> _REQUIRED WORK_:
Within the entries below, output exactly the lines between the line containing "F21 Forever 21" and the line containing "2025 새로운 원피스", inclusive, and omit any picture.

> _MATERIAL PROVIDED_:
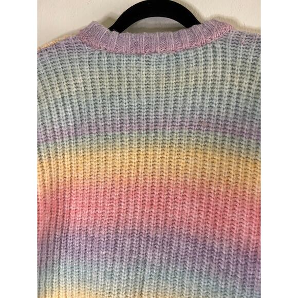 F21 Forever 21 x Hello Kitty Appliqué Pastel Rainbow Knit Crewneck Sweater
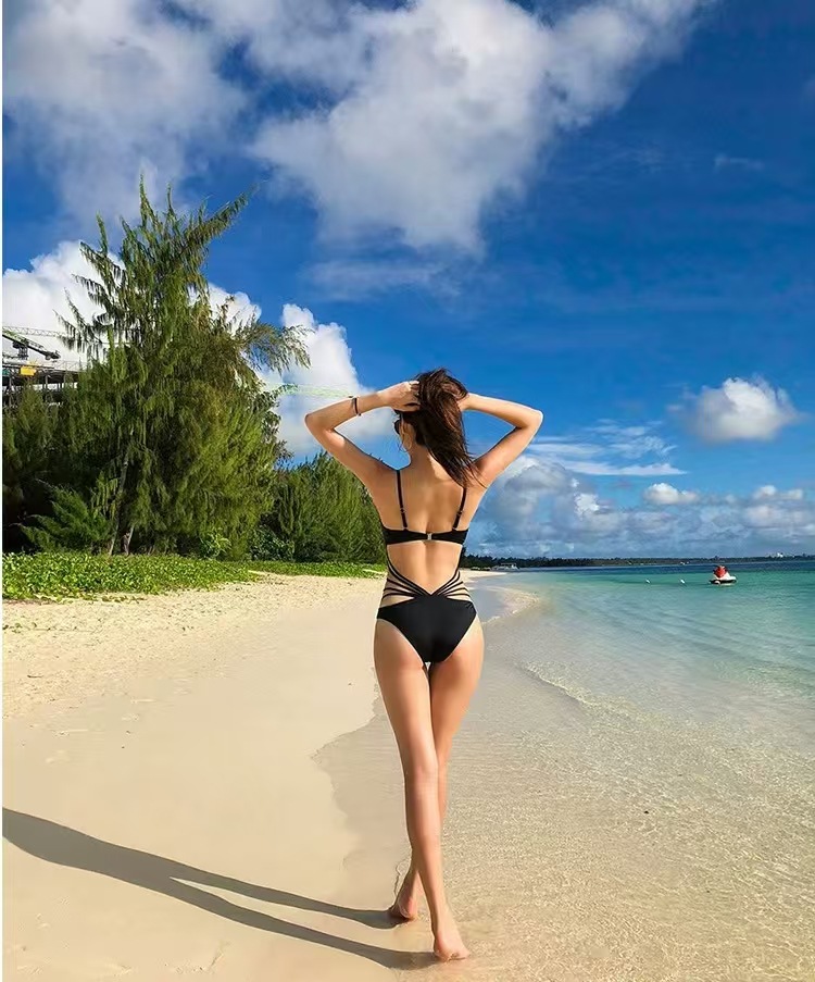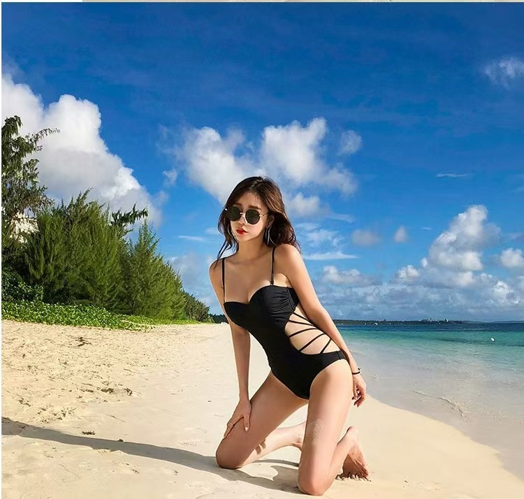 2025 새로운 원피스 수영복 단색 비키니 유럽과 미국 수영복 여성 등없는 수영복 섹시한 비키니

---

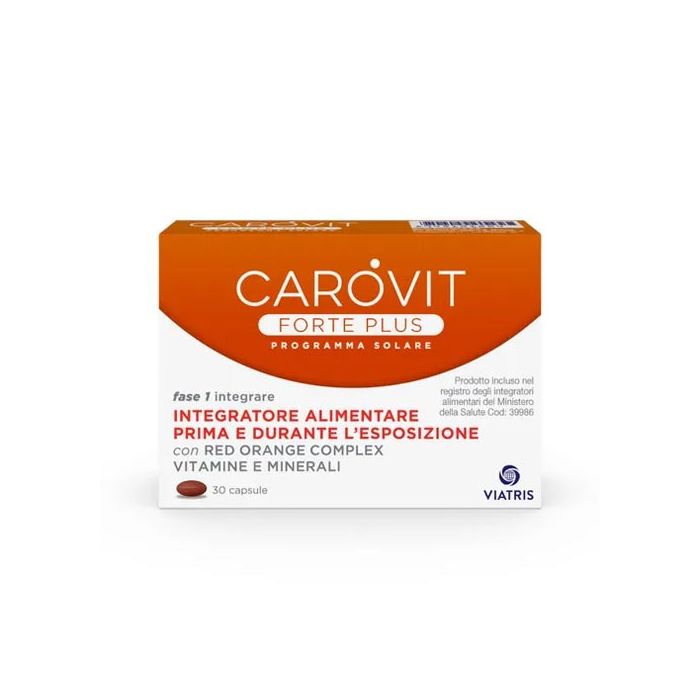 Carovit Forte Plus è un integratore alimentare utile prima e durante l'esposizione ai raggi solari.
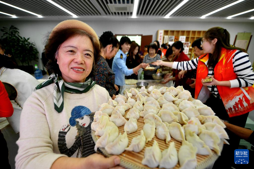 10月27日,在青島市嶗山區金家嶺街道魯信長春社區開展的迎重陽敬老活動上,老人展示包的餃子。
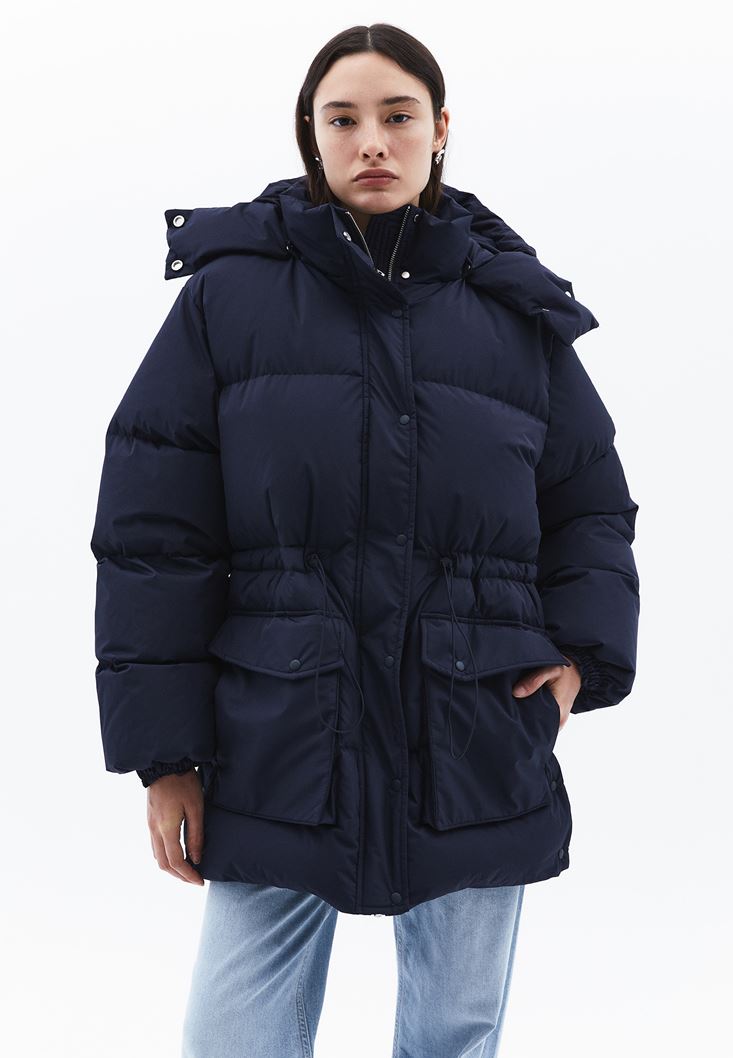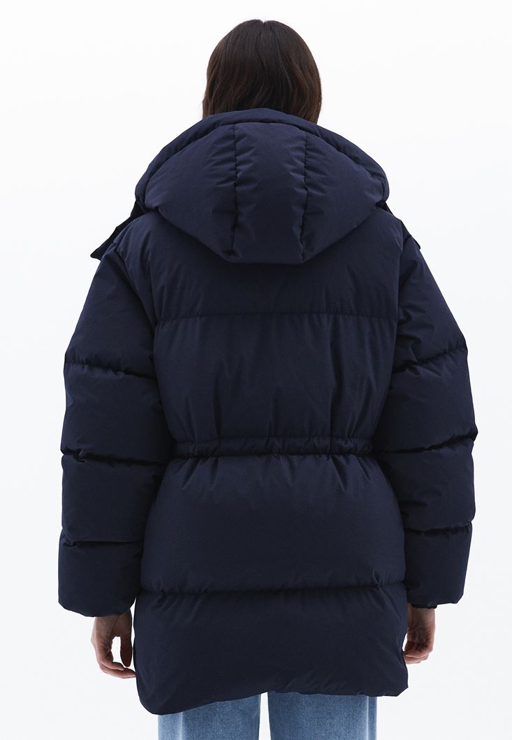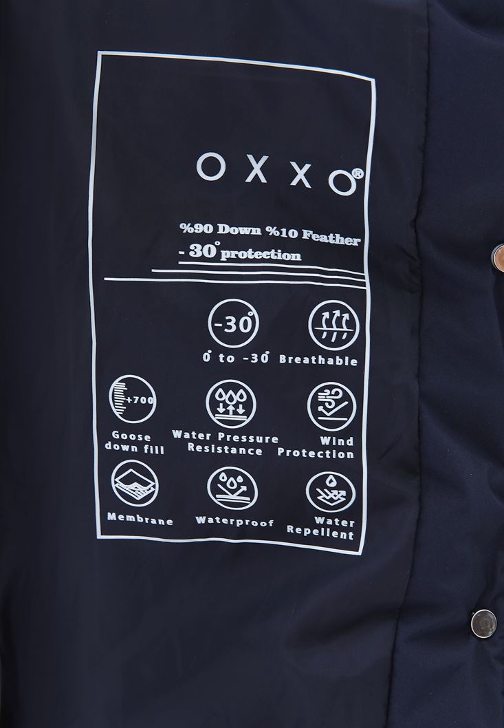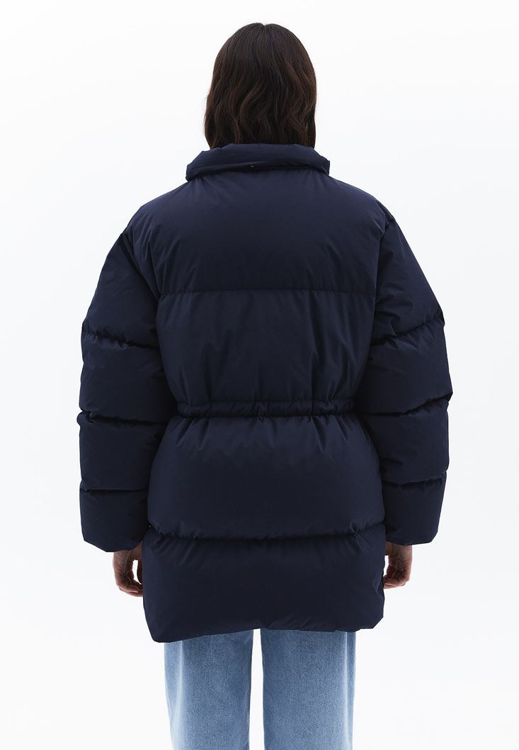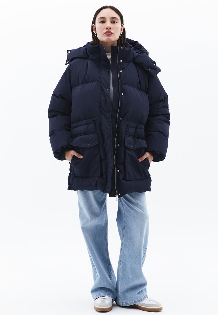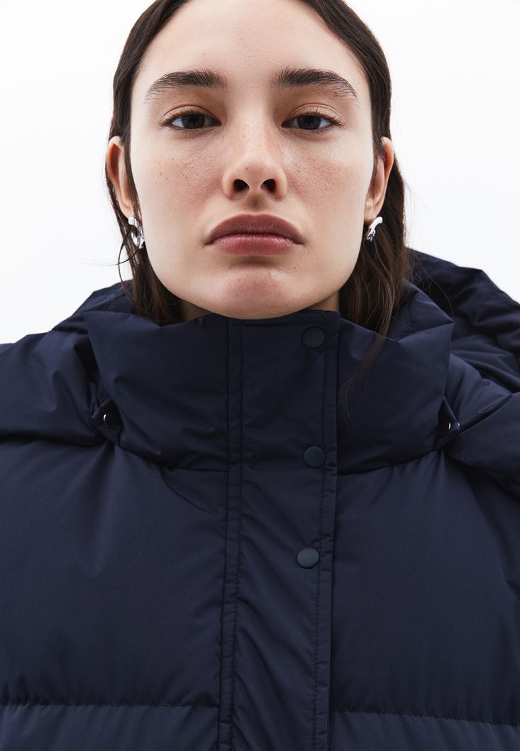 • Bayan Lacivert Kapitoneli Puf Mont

* * *

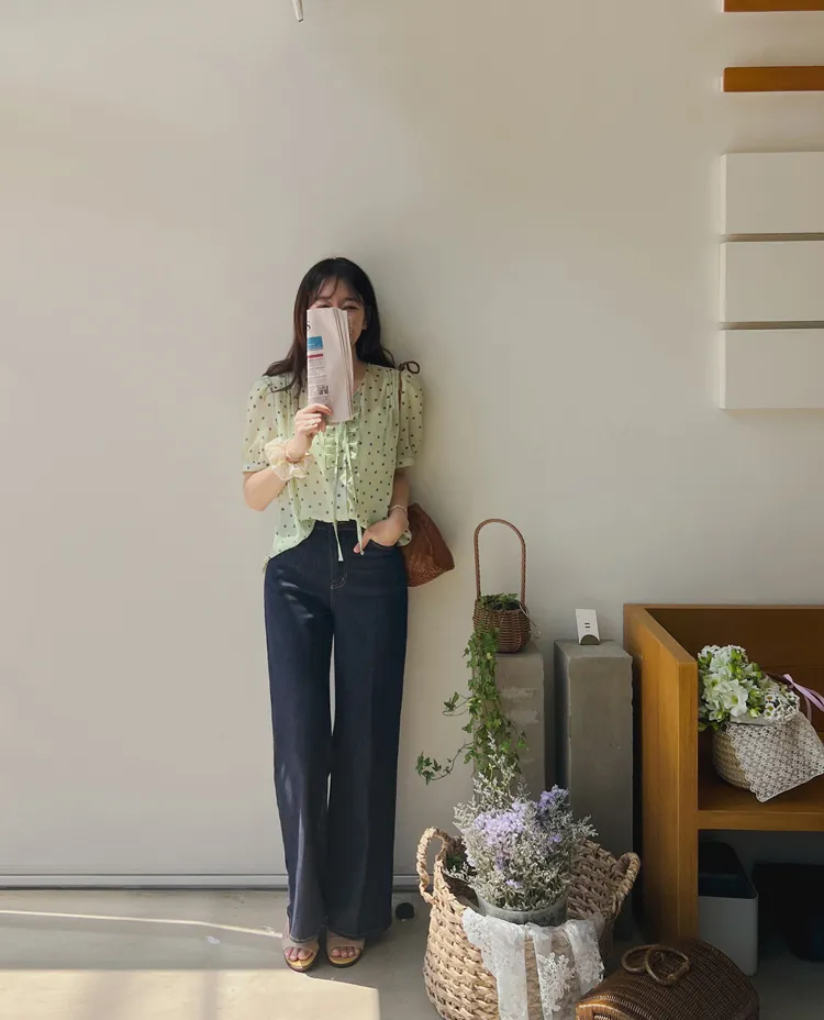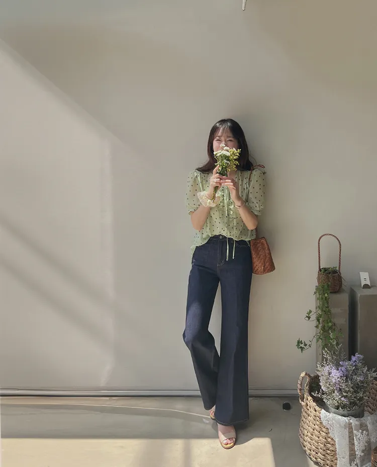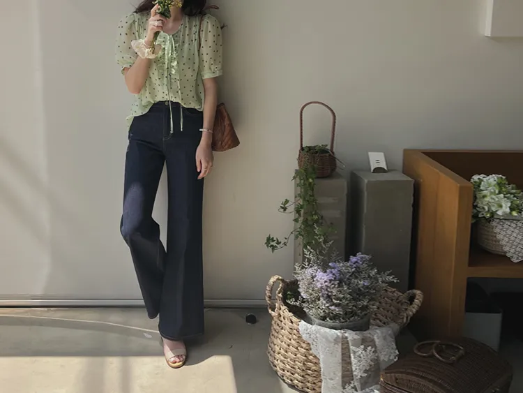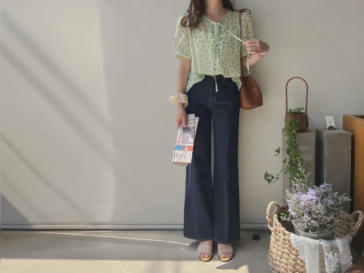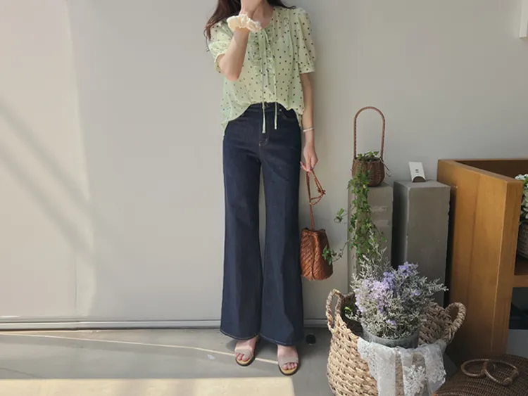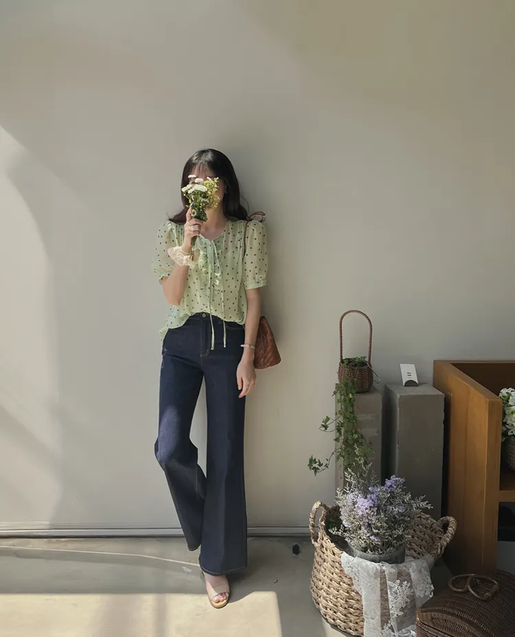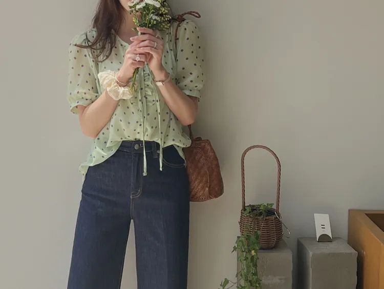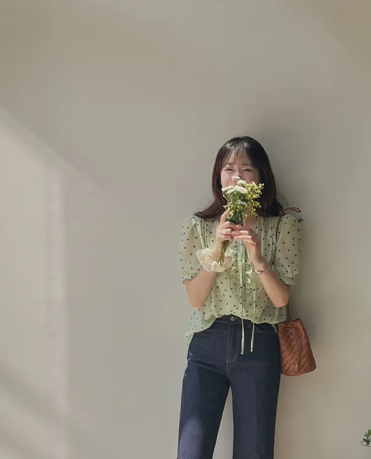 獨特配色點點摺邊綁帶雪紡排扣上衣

> _RESPONSE TO THE TASK_:
 F21 Forever 21 x Hello Kitty Appliqué Pastel Rainbow Knit Crewneck Sweater
 2025 새로운 원피스 수영복 단색 비키니 유럽과 미국 수영복 여성 등없는 수영복 섹시한 비키니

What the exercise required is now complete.